With much of the evidence to date on screen time and adolescent well-being arising from correlational studies [15, 28], it is difficult to determine a clear causal association and potential mechanisms of effect. In a recent review paper, Twenge [29] proposed several possible mechanisms through which excessive screen use may be associated with lower psychological well-being among adolescents, including sleep disruption, displacement or disruption of face-to-face social interaction or physical activity, social comparison or cyberbullying. Sleep and physical activity represent well-established correlates of excessive screen time use and adolescent mental health outcomes. Previous studies indicate that excessive screen time is associated with poor sleep among adolescents [24, 30,31,32,33,34,35]. This may be explained by the displacement of sleep time later into the night [34, 36], the excitement produced from the media, and the effects of light exposure at night, especially the highly stimulating blue light waveform emitted by most electronic device screens [32]. There is also strong evidence that physical activity is inversely associated with time spent on screens [24, 37] and symptoms of depression and anxiety [38, 39].

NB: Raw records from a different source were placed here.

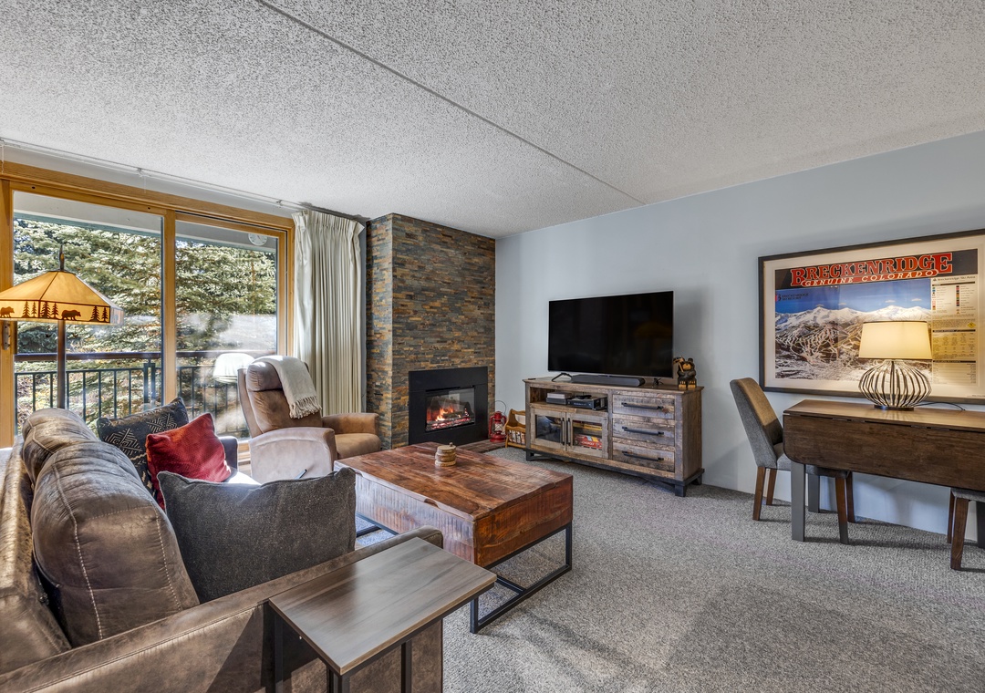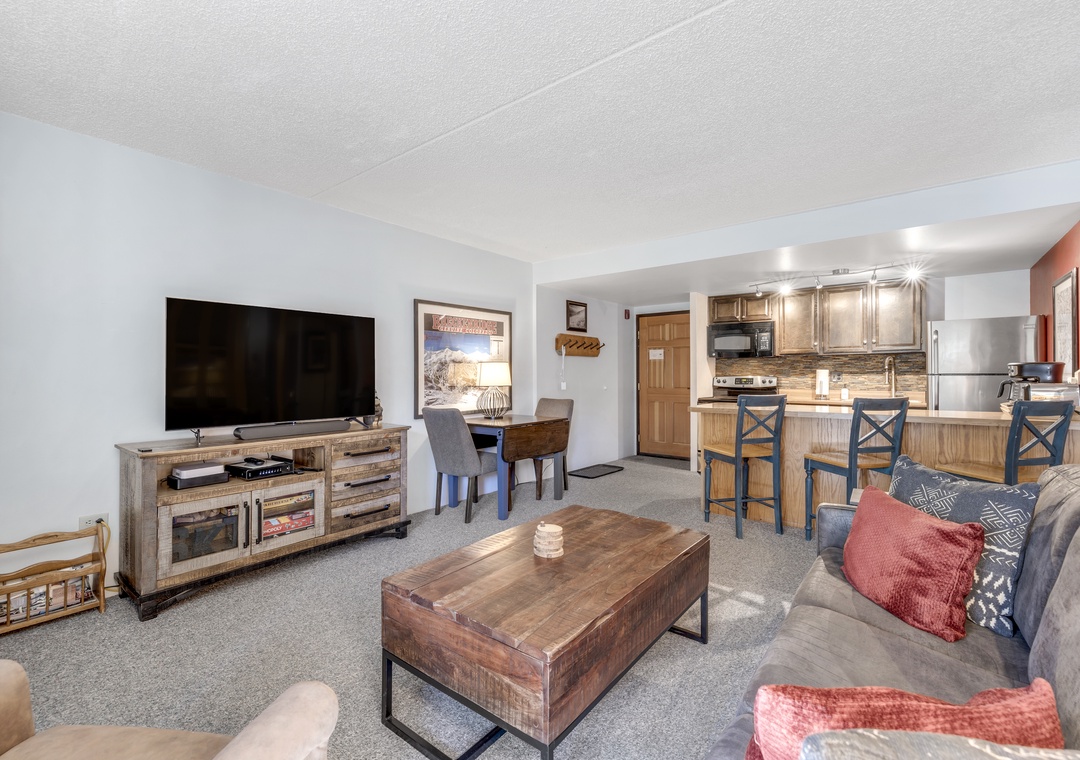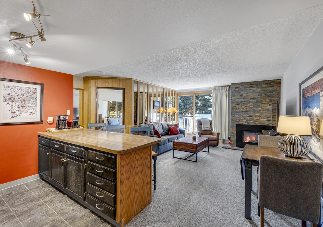 Located on the first floor, this unit combines the perfect blend of mountain appeal and comfort. A fully equipped kitchen makes mealtime easy for families and groups alike. The recently remodeled bathroom allowing you to prep for your day of adventures with ease. A large living room TV to enjoy all your favorite movies and shows. Finish your day by cozying up to the stunning fireplace, a perfect end after a full day of activities.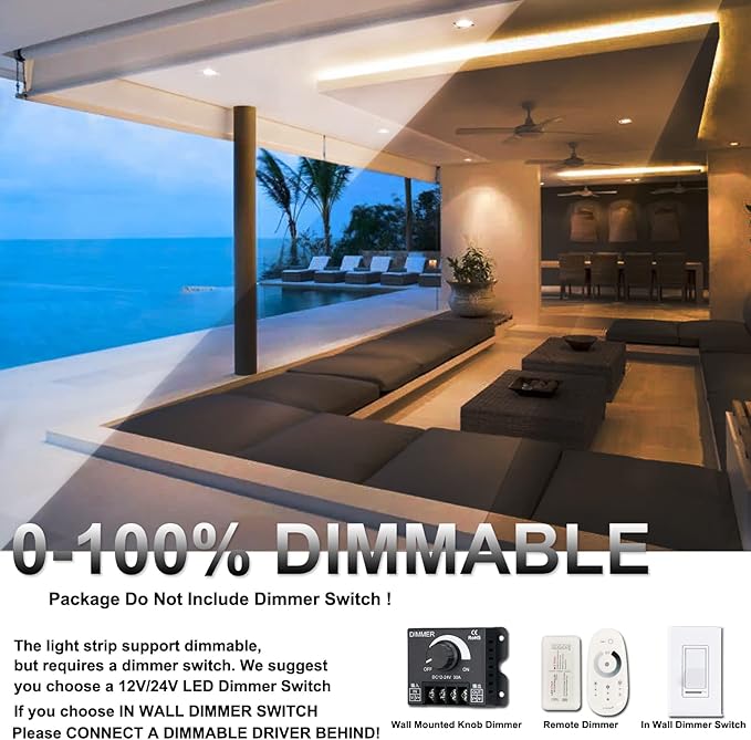 - 📌📌ATTENTION: ①24V power supply and dimmer not included;②High output light strip that the heat is higher than regular light strip, but still under safety range③Please use the correct power supply, otherwise the light strip will not work or be very dim.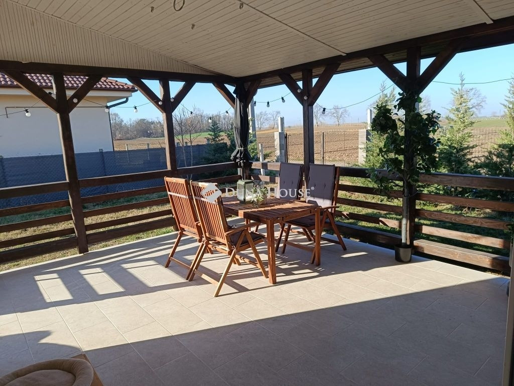 - a hátsó fedett teraszra, a nappaliból tolóajtón keresztül tudunk kimenni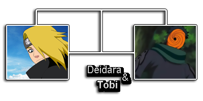 Deidara & Tobi – com a morte de Sasori, Tobi finalmente pôde fazer parte da Akatsuki (tomando o lugar do mestre de marionetes e seu anel, Tama). Em sua companhia, Deidara paga por todas as vezes que irritou Sasori: Tobi age como um bobo alegre, não mede as palavras e em geral consegue tirar o colega do sério com muita facilidade.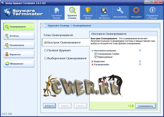 - Быстрое и полное сканирование. Spyware Terminator проверяет все важны части системы компьютера (процессы, библиотеки, панели инструментов, регистр, меню старт...). Возможность выбора области сканирования.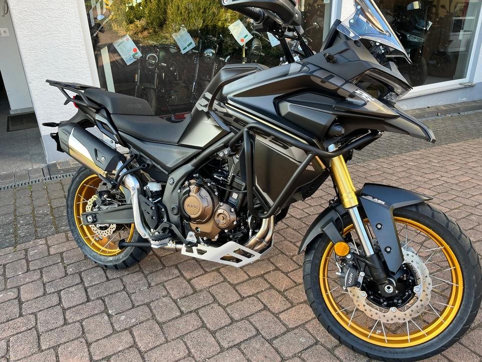 Die VOGE DS625X vereint moderne Technik mit Abenteuertauglichkeit und bietet eine beeindruckende Kombination aus Leistung, Komfort und Vielseitigkeit. Der 581-ccm-Zweizylindermotor mit 64 PS liefert kraftvolle Performance auf jedem Terrain. Die 19- und 17-Zoll-Raeder, die KYB-Federung mit 220 mm Bodenfreiheit und abschaltbares ABS machen sie ideal fuer anspruchsvolle Offroad-Touren.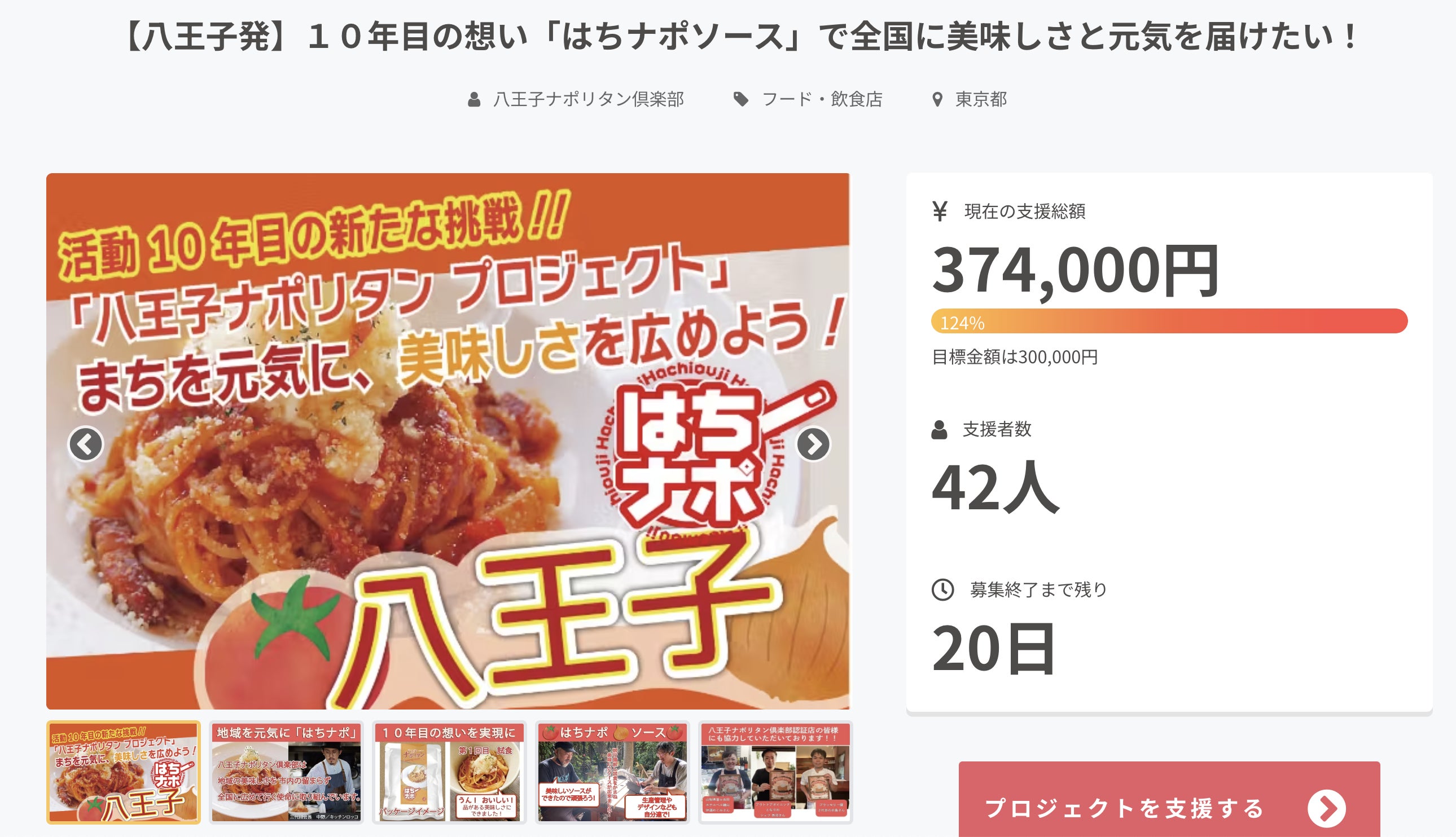 ありがとうございます!!目標金額達成いたしました!ご支援いただいた方々、ご覧いただい方々、本当にありがとうございます。手探りで、不安の中、クラウドファンディングを立ち上げましたが、ご支援していただいて、驚きとともに感謝の気持ちでいっぱいです。引き続きご支援いただけると嬉しいです。期間中は、イベントの出展や、メディアへの露出などを行っていきます。またご報告をいたします。まずは、御礼まで。八王子ナポリタン倶楽部より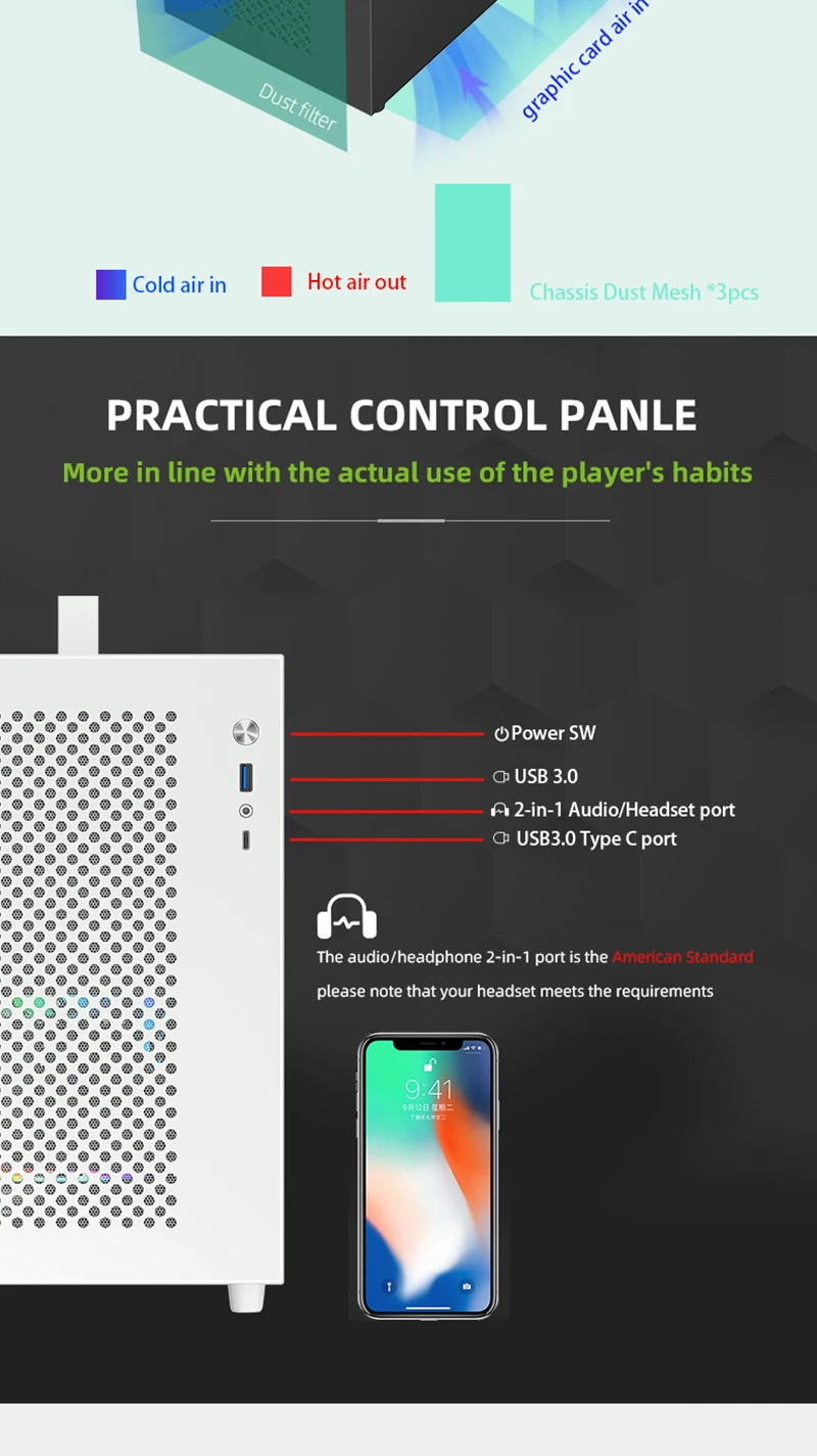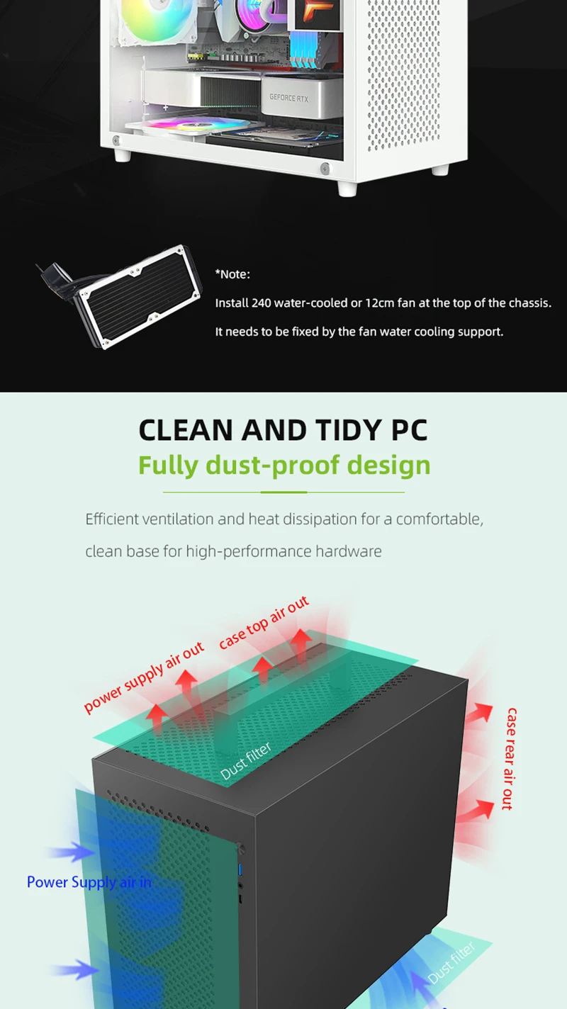 Comprar METALFISH S9 MATX Caja de computadora Soporte de chasis de PC para juegos MATX/ITX/ATX PSU/240 Enfriador de líquido/GPU de 360 mm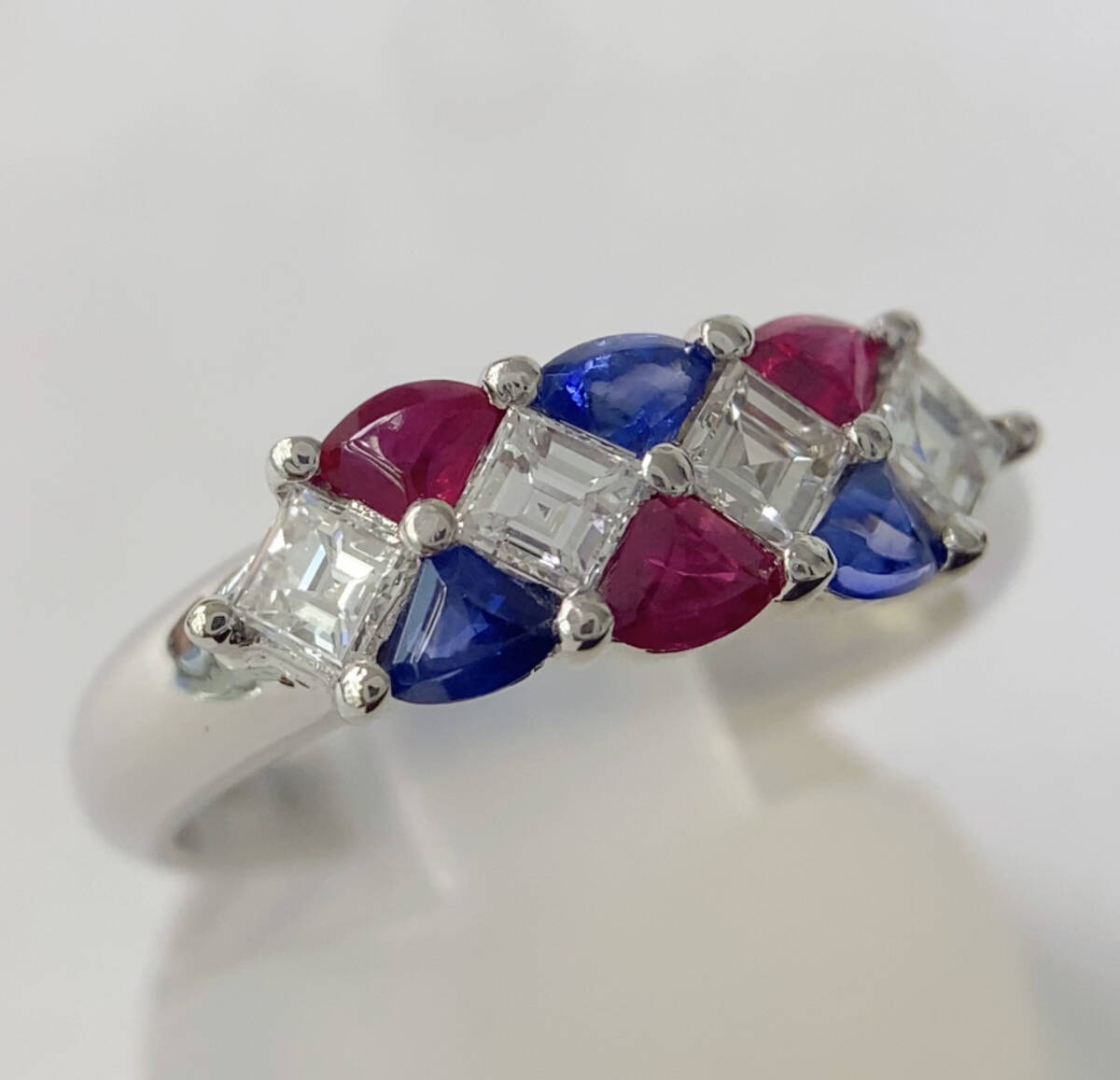 - 素敵 PT900 天然ルビー0.45ct 天然サファイア0.48ct 天然ダイヤモンド0.49ct 指輪 リング 約12号 約5.4g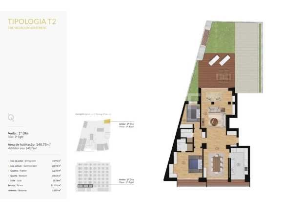 The property comprises hall, 2 suites with balconies, bathroom, kitchen, dining room, living room, balcony, 1 parking place in garage and a spectacular terrace with 112 m2. Well situated, it is 120m from the Market 31 de Janeiro, 170m from Picoas Metro Station, 350m from Atrium Saldanha, 400m from Saldanha Residence Shopping Centre, and surrounded by commerce, services, transport and access.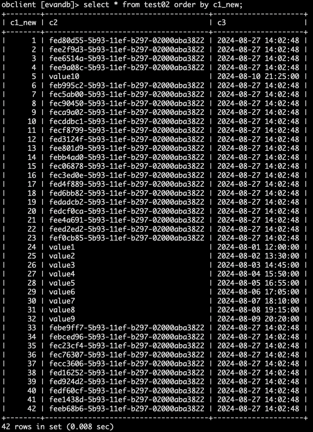 数据校验完成之后执行添加主键,由于 ActionDB 主键必须包含分区键,主键则需设置为(c1_new,c2):

To date, only a limited number of studies have considered sleep and physical activity when examining associations between screen time and adolescent mental health [15]. Barlett, Gentile [40] found in their longitudinal study that total sleep time mediated the positive association between screen time use and inattention and physical aggression in children (mean age = 9.6). This study, however, did not differentiate between active and passive forms of screen time use, nor did it consider the role of physical activity in the association. In contrast, Herman, Hopman [41] found that physical activity and screen time were each independently associated with self-reported mental health and overall health in Canadian adolescents; however, this study did not consider the role of sleep and it too, did not differentiate between passive and active forms of screen time use. To the best of our knowledge, only two studies have examined associations between screen time—an indicator that combined passive and active forms—and mental health problems, physical activity and sleep [42, 43]. Using samples of college students in China, both studies found that higher screen time use and lower levels of physical activity were each independently associated with self-reported mood and anxiety symptoms and their co-occurrence produced synergistic, adverse effects [42, 43]. Both studies were based on a sample of college students and relied on non-clinical measures of mental health problems, limiting their generalizability and clinical utility. In sum, given the state of existing evidence [15, 29], the possibility of bidirectional and reciprocal associations between screen time, adolescent mood and anxiety disorders, sleep and physical activity can not be ruled out [29, 44, 45]. As such, the current study quantified the strength of association between different forms of screen time use, namely passive and active forms, and adolescent mood and anxiety disorders, before and after statistically adjusting for physical activity and sleep.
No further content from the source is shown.